▶ _GOAL OF THE EXERCISE_
For every line below, output the text exactly and leave out images.

▶ _AVAILABLE DATA_
#####

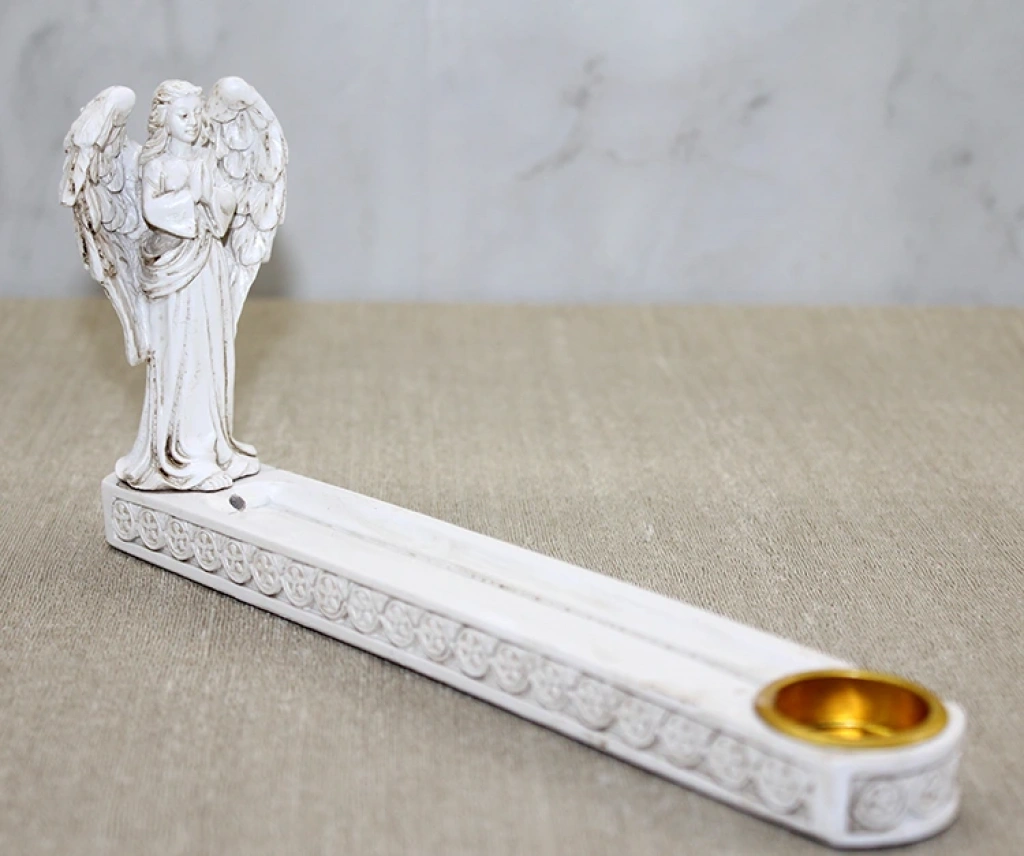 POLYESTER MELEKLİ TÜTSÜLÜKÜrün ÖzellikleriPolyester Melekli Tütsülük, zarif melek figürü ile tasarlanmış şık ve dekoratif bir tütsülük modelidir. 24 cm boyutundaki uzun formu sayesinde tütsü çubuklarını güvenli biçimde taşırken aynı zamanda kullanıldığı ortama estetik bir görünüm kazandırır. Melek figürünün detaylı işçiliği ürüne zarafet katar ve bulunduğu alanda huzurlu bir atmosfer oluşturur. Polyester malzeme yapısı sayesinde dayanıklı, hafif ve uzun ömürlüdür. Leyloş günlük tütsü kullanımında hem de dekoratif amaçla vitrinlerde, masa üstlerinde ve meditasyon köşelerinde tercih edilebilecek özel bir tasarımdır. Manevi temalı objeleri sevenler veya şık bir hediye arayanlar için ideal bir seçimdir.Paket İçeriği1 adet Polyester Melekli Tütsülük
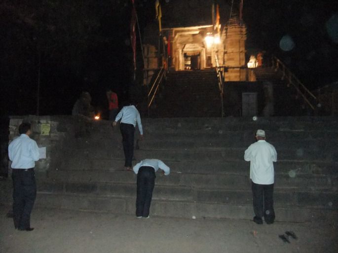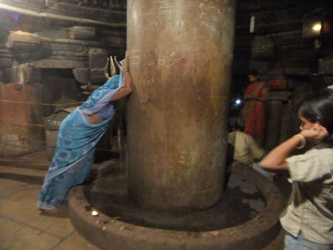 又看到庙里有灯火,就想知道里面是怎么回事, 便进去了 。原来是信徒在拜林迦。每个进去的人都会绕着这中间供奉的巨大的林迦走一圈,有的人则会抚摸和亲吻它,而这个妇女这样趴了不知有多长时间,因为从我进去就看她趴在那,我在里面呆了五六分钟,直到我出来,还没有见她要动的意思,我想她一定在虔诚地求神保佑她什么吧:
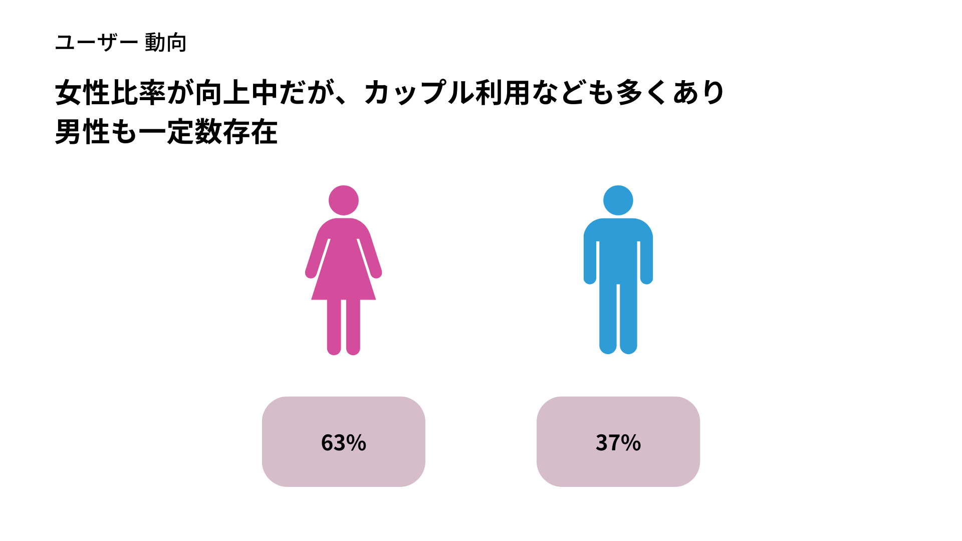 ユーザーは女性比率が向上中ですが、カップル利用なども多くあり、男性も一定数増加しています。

#####

▶ _EXERCISE SOLUTION_
 POLYESTER MELEKLİ TÜTSÜLÜKÜrün ÖzellikleriPolyester Melekli Tütsülük, zarif melek figürü ile tasarlanmış şık ve dekoratif bir tütsülük modelidir. 24 cm boyutundaki uzun formu sayesinde tütsü çubuklarını güvenli biçimde taşırken aynı zamanda kullanıldığı ortama estetik bir görünüm kazandırır. Melek figürünün detaylı işçiliği ürüne zarafet katar ve bulunduğu alanda huzurlu bir atmosfer oluşturur. Polyester malzeme yapısı sayesinde dayanıklı, hafif ve uzun ömürlüdür. Leyloş günlük tütsü kullanımında hem de dekoratif amaçla vitrinlerde, masa üstlerinde ve meditasyon köşelerinde tercih edilebilecek özel bir tasarımdır. Manevi temalı objeleri sevenler veya şık bir hediye arayanlar için ideal bir seçimdir.Paket İçeriği1 adet Polyester Melekli Tütsülük
 又看到庙里有灯火,就想知道里面是怎么回事, 便进去了 。原来是信徒在拜林迦。每个进去的人都会绕着这中间供奉的巨大的林迦走一圈,有的人则会抚摸和亲吻它,而这个妇女这样趴了不知有多长时间,因为从我进去就看她趴在那,我在里面呆了五六分钟,直到我出来,还没有见她要动的意思,我想她一定在虔诚地求神保佑她什么吧:
 ユーザーは女性比率が向上中ですが、カップル利用なども多くあり、男性も一定数増加しています。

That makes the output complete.